Frankenmuth — Bronner’s CHRISTmas Wonderland

I wanted to stop in Frankenmuth on the way up because it was advertised on billboards as the location of Bronner’s, the largest Christmas store in the world. I stopped at Bronner’s for the same reason I go to South of the Border when driving to Florida and Wall Drug in South Dakota (and now Buc-ees whenever I see one). I made sure I got there on the way back — just as Michigan experienced the heat dome.

They were not kidding. It is large. This might be the Protestant answer to the largest crucifix. (CHRIST is intentionally advertised in their name and there is a church in the store). Christmas music my mother would recognize was playing. We wandered. The store is 2.2 acres, almost two football fields. We queasily passed through all of it. I usually like little ornament stores, but the sheer excess and kitsch of this one was overwhelming.

The wedding of Christ and capitalism at Christmas has always been a thing with me. My mother aspired to a Bronner’s-like house that I helped her concoct for the holiday, even though she was not a Christian in any noticeable way. When I became one, I disappointed her by insisting the day belonged to Jesus and I would not do it anymore. I think Bronner’s gave me flashbacks in troubling and good ways. I didn’t buy anything.

This brief sojourn in the Midwest mostly had to take place on Interstates. Interstate 75, for instance, is a top-notch road through the middle of nowhere in northern Michigan. My Itchy Boots motorcycle YouTube fav was recently in Bissau-Guinea which provides a sharp contrast. My main lesson remains, “Americans are a rich people and our excesses show it.” And often their Christianity reflects it.

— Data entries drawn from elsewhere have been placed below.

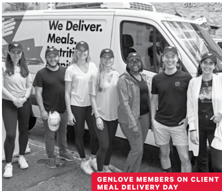
GENLOVE MEMBERS ON CLIENT MEAL DELIVERY DAY

Through the years, our supporters have found countless meaningful ways to support the clients of God's Love. Through volunteering, donating, and simply acting as ambassadors, you have done so much to make sure we can always be there for our neighbors living with severe and chronic illness. This year we were honored to receive support in some very unique ways thanks to our wonderful friends.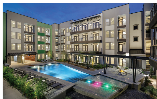
THE BALDWIN ST PAUL SQUARE SAN ANTONIO, TX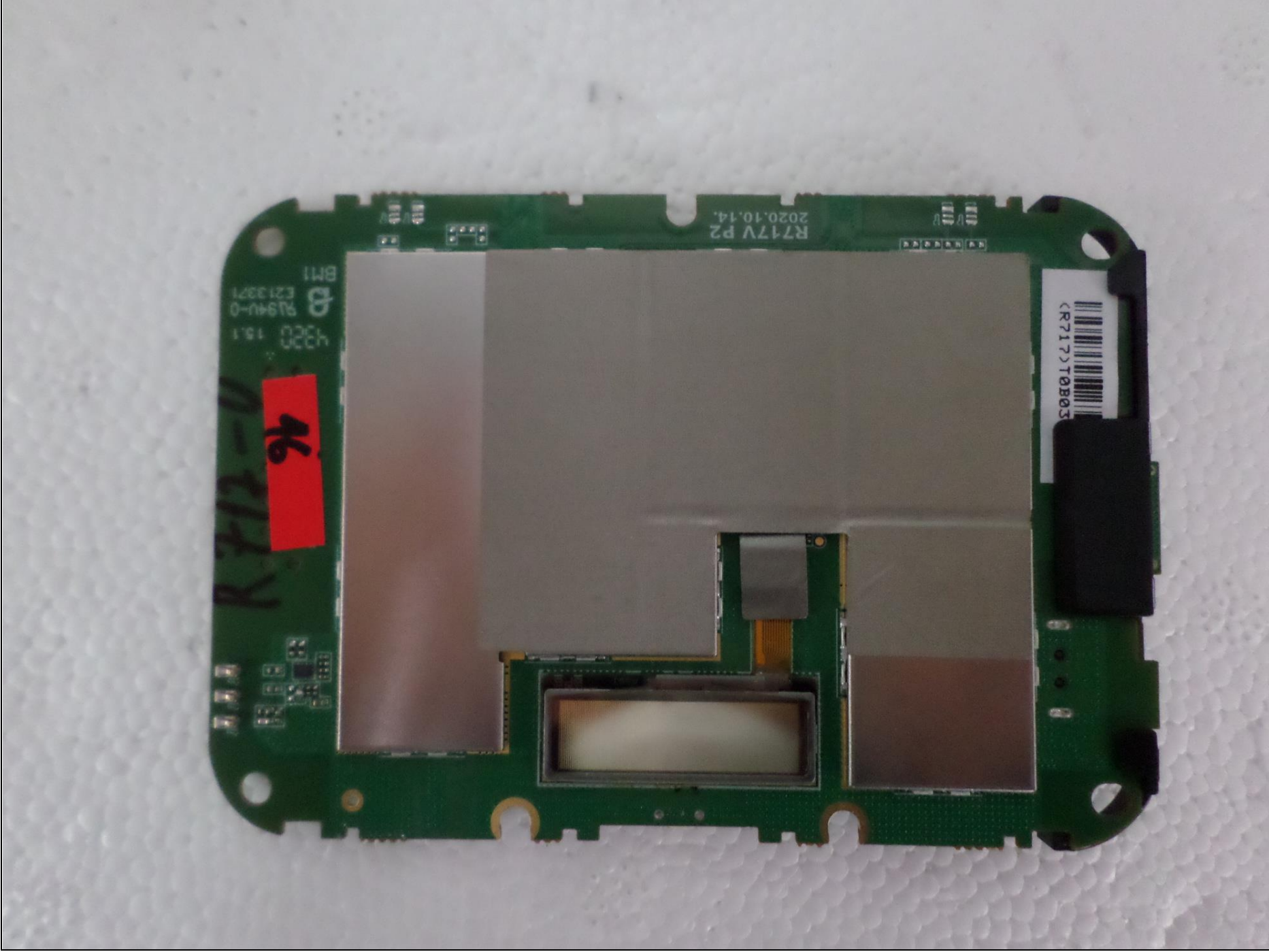
Rear View of Main Board

It is amazing that so many beautiful people sprout from under that excess, like when all those ferns appear from under the leaves in the Poconos each spring. I know I don’t sound appreciative of all the art and ingenuity represented in my stops. I am not sure it was all well-used. But you’ve got to love it. I suspect Jesus does — he loves every drop of creativity in creation, doesn’t he? Even that colossal angel trumpeting over my head in the picture above took some God-given imagination.